Work required: When you reach the line that contains "Ưº°ÇÏ°Ô ¸¸µé 'Çѱ¹¼öÁ߿ÇÐȸ °ø½Ä ij¸¯ÅÍ'¸¦ ã½À´Ï´Ù!" below, transcribe it and each line after it word for word to the end of the records, omitting pictures.

(Study material Opens)

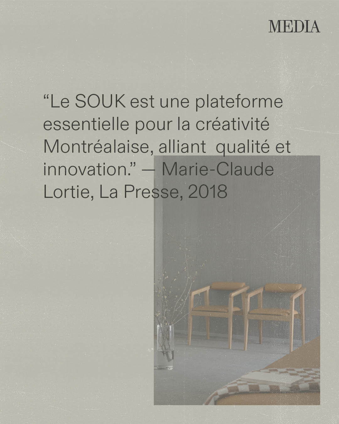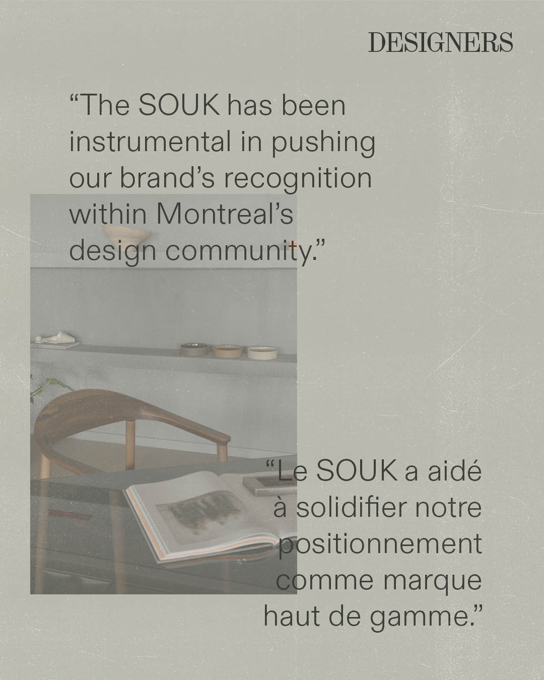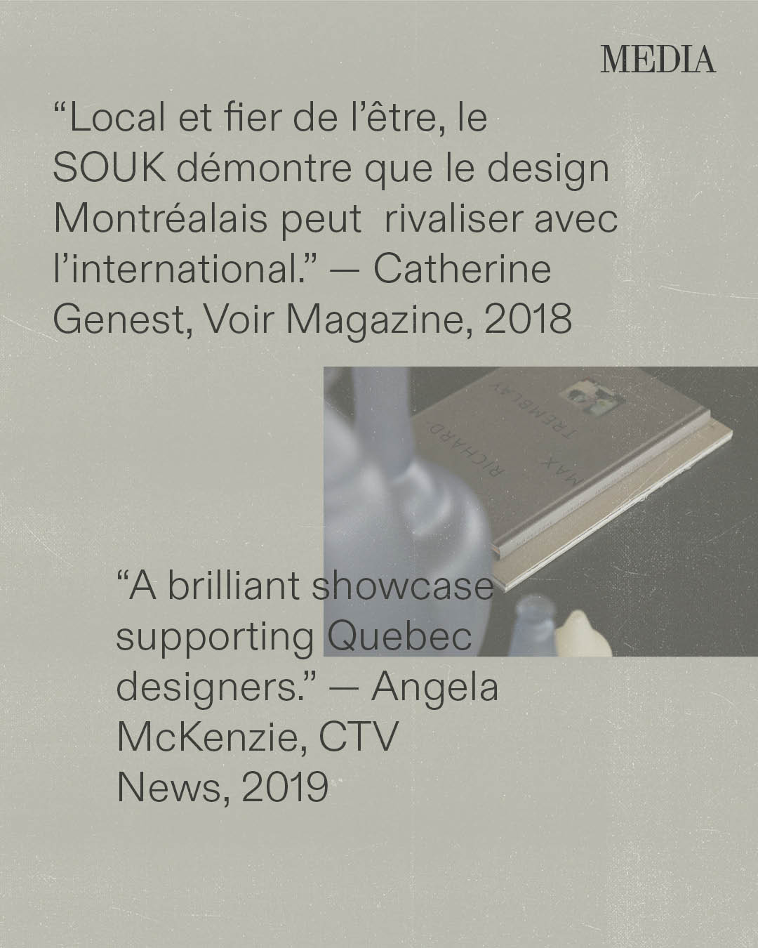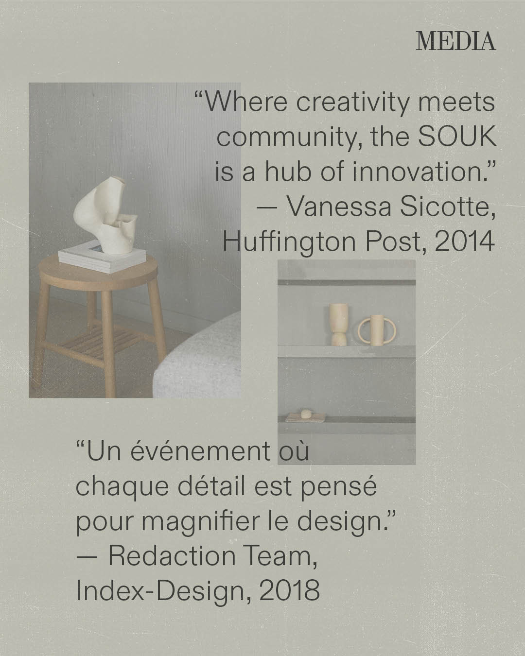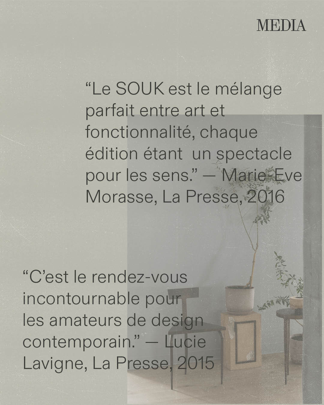 Au fil des ans, les journalistes ont décrit le SOUK comme un « pèlerinage du design », « une lettre d’amour à Montréal » ou « un espace où la créativité redevient humaine ». Pour les designers, il représente l’endroit où leur parcours a commencé ou celui qui leur a donné la confiance de persévérer.
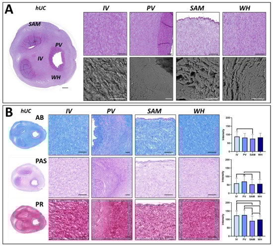 In situ histological (panel (A)) and histochemical analysis (panel (B)) of the human umbilical cord (hUC) and its different zones. Samples corresponding to the histological analysis were stained with hematoxylin-eosin (HE) or analyzed by scanning electron microscopy (SEM). Samples analyzed by histochemistry were subjected to alcian blue (AB), periodic acid-Schiff (PAS), and picrosirius red (PR) staining. The histochemical intensity obtained for each sample and each method is shown in the histograms to the right, with statistically significant differences shown as brackets. IV: intervascular zone; PV: perivascular zone; SAM: subamnioblastic zone; WH: Wharton zone. Scale bar = 200 µm.
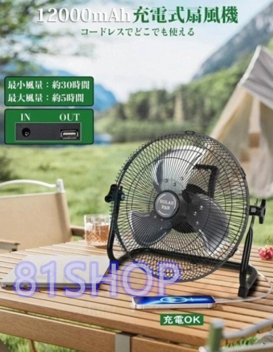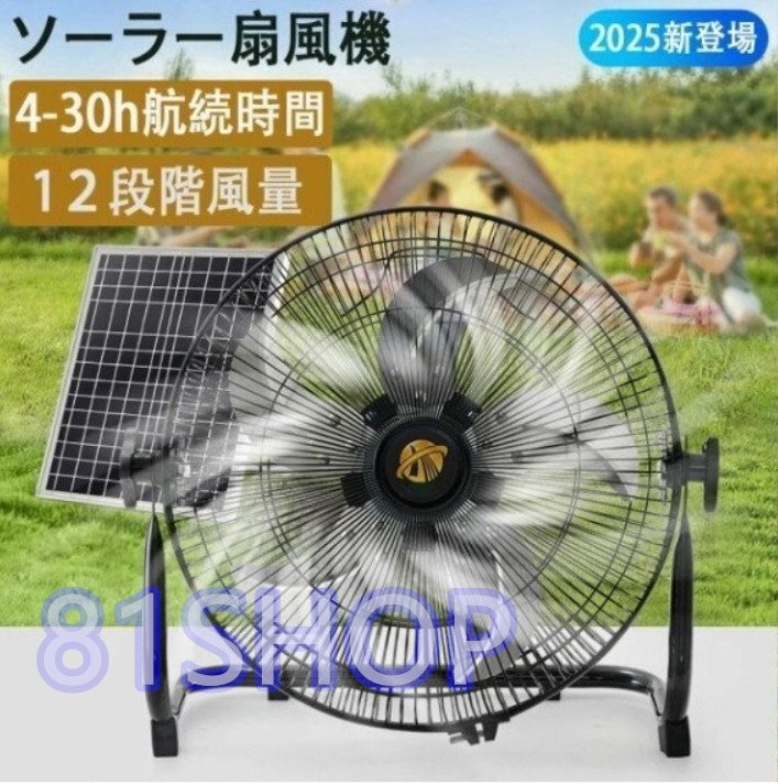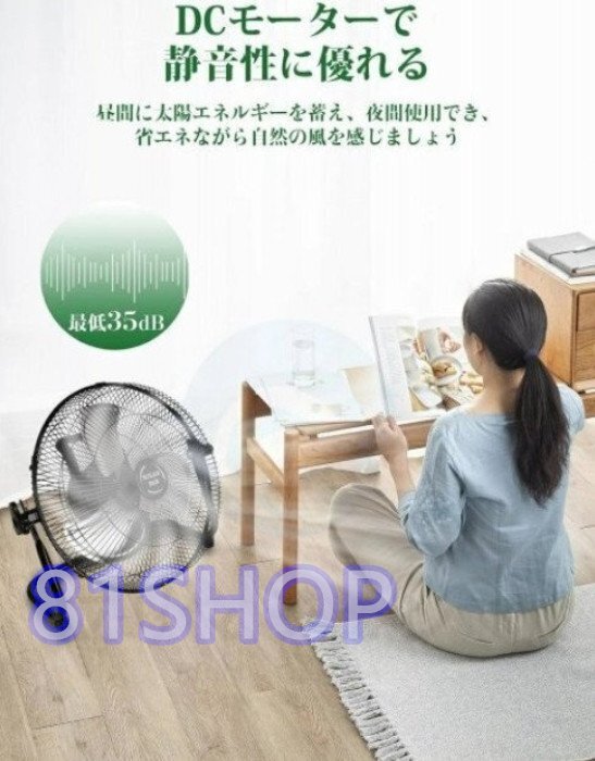 ソーラー扇風機 DCモーター 12インチ キャンプ扇風機 12段階風量 携帯扇風機 使用時間12-24H 防災グッズ 夜釣り用 アウトドア キャンプ
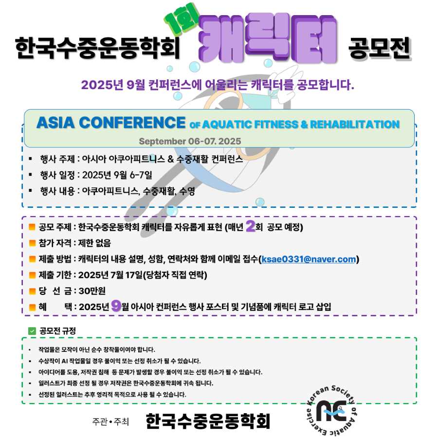 ´Ù°¡¿À´Â 9¿ù, ´ëÇѹα¹¿¡¼ °³ÃֵǴ Asia Aquafitness & Aquatic Rehabilitation Conference¸¦ ´õ¿í Ưº°ÇÏ°Ô ¸¸µé 'Çѱ¹¼öÁ߿ÇÐȸ °ø½Ä ij¸¯ÅÍ'¸¦ ã½À´Ï´Ù!
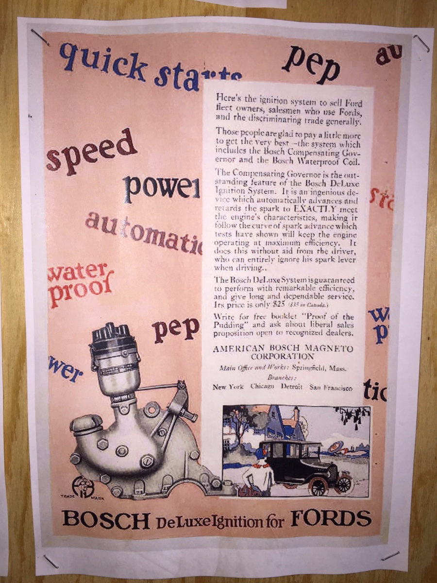 It is an American Bosch 600 distributor. At the onset of WWI the US Government took over Bosch operations in the US- which then became American Bosch. Since then it has no relationship, or parts, to the current Robert Bosch products. This is a popular model has centrifugal advance. If the kidney shaped condenser inside the housing is no longer functional a compatible condenser is often used and mounted externally. These instructions explain how it can be hooked up to buzz coils or conventional single coil. Need to add a second post for last page +
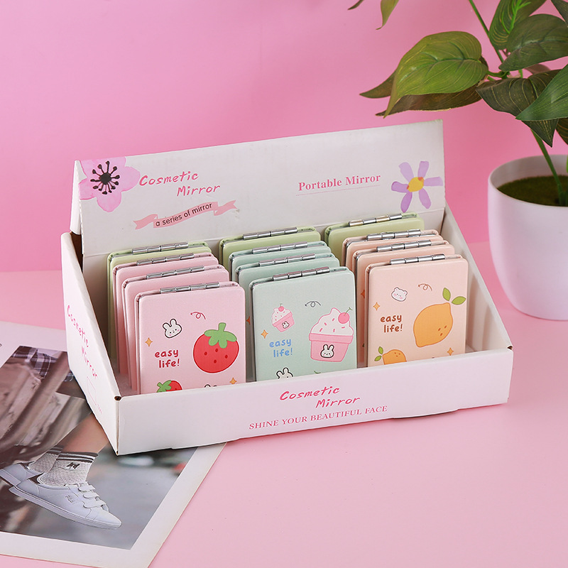新款水果系列长方形折叠镜化妆镜便携式学生手持镜补妆镜双面PU材
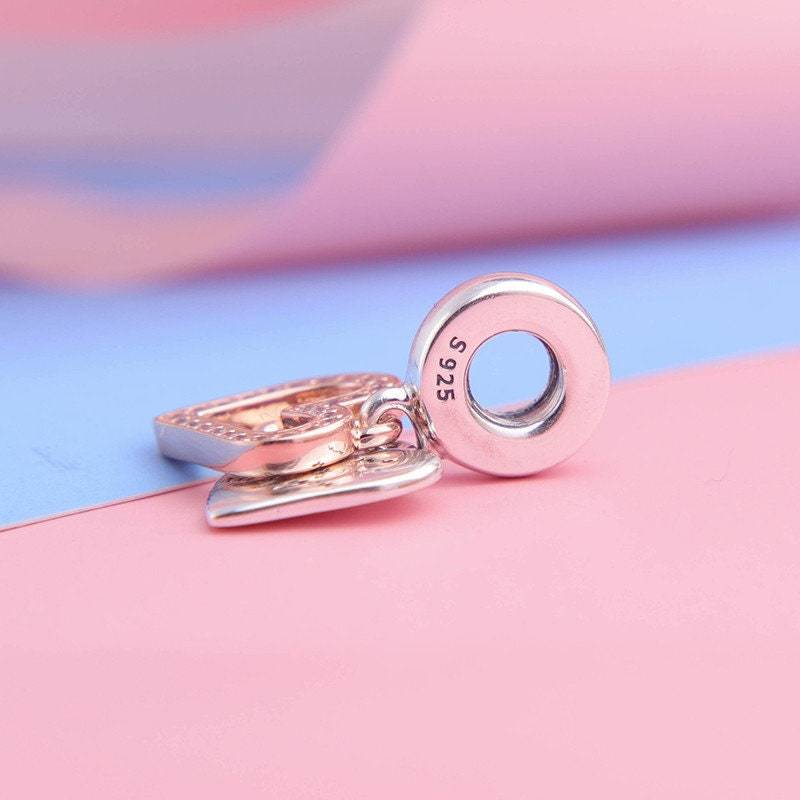 Valentine Two Tone 925 Silver & Rose™ Sparkling Freehand Heart Dangle Charm
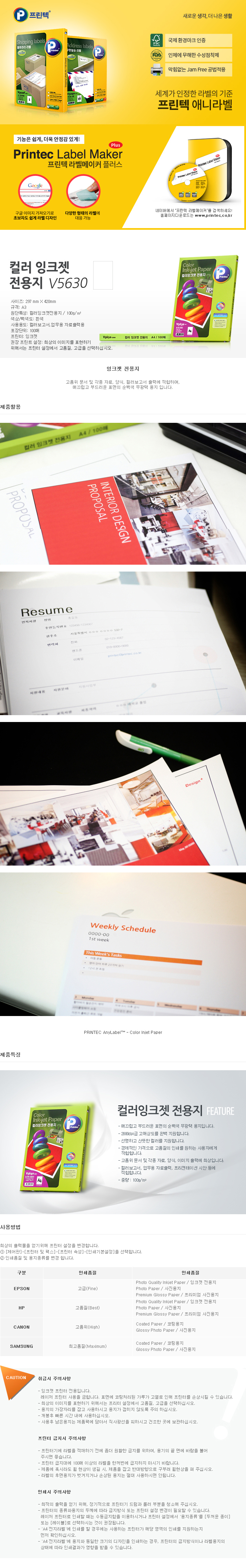 ■ 품명 및 모델명: 컬러잉크젯용지(V5630/A3/100매/프린텍)
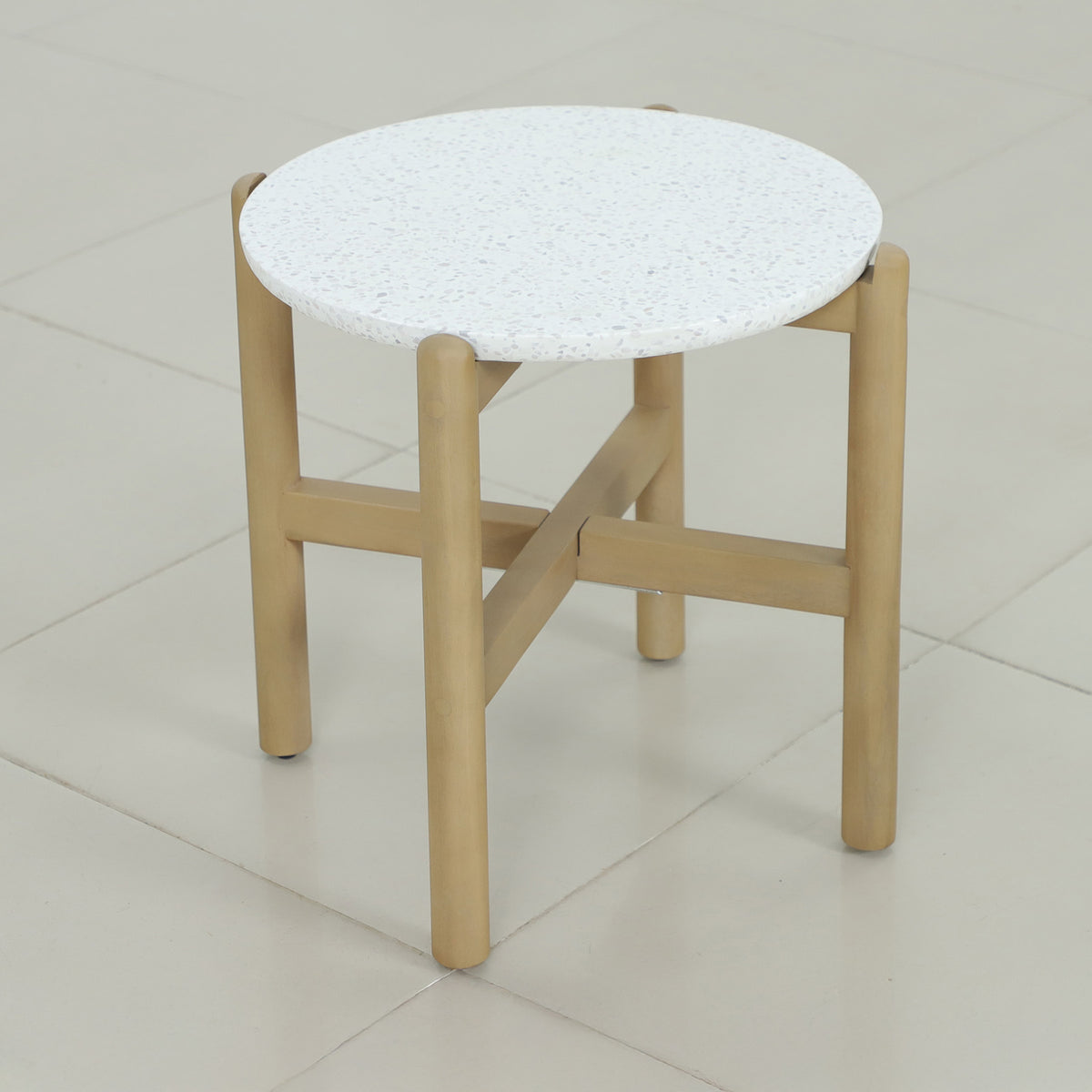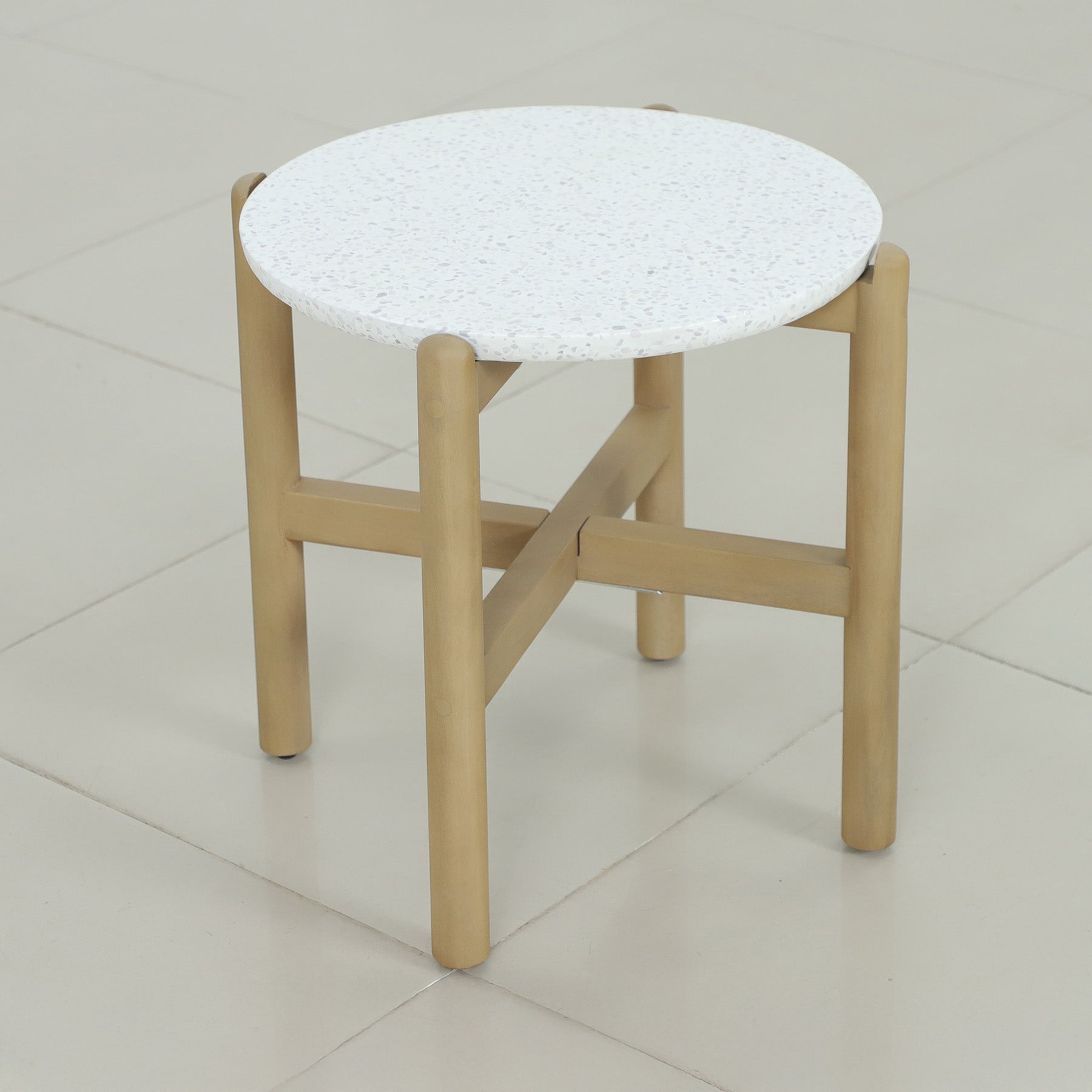 • 2 x Light teak Acacia hardwood round coffee tables with terrazzo ceramic tops

(Study material Closes)

Reply to the task:
 ´Ù°¡¿À´Â 9¿ù, ´ëÇѹα¹¿¡¼ °³ÃֵǴ Asia Aquafitness & Aquatic Rehabilitation Conference¸¦ ´õ¿í Ưº°ÇÏ°Ô ¸¸µé 'Çѱ¹¼öÁ߿ÇÐȸ °ø½Ä ij¸¯ÅÍ'¸¦ ã½À´Ï´Ù!
 It is an American Bosch 600 distributor. At the onset of WWI the US Government took over Bosch operations in the US- which then became American Bosch. Since then it has no relationship, or parts, to the current Robert Bosch products. This is a popular model has centrifugal advance. If the kidney shaped condenser inside the housing is no longer functional a compatible condenser is often used and mounted externally. These instructions explain how it can be hooked up to buzz coils or conventional single coil. Need to add a second post for last page +
新款水果系列长方形折叠镜化妆镜便携式学生手持镜补妆镜双面PU材
 Valentine Two Tone 925 Silver & Rose™ Sparkling Freehand Heart Dangle Charm
 ■ 품명 및 모델명: 컬러잉크젯용지(V5630/A3/100매/프린텍)
 • 2 x Light teak Acacia hardwood round coffee tables with terrazzo ceramic tops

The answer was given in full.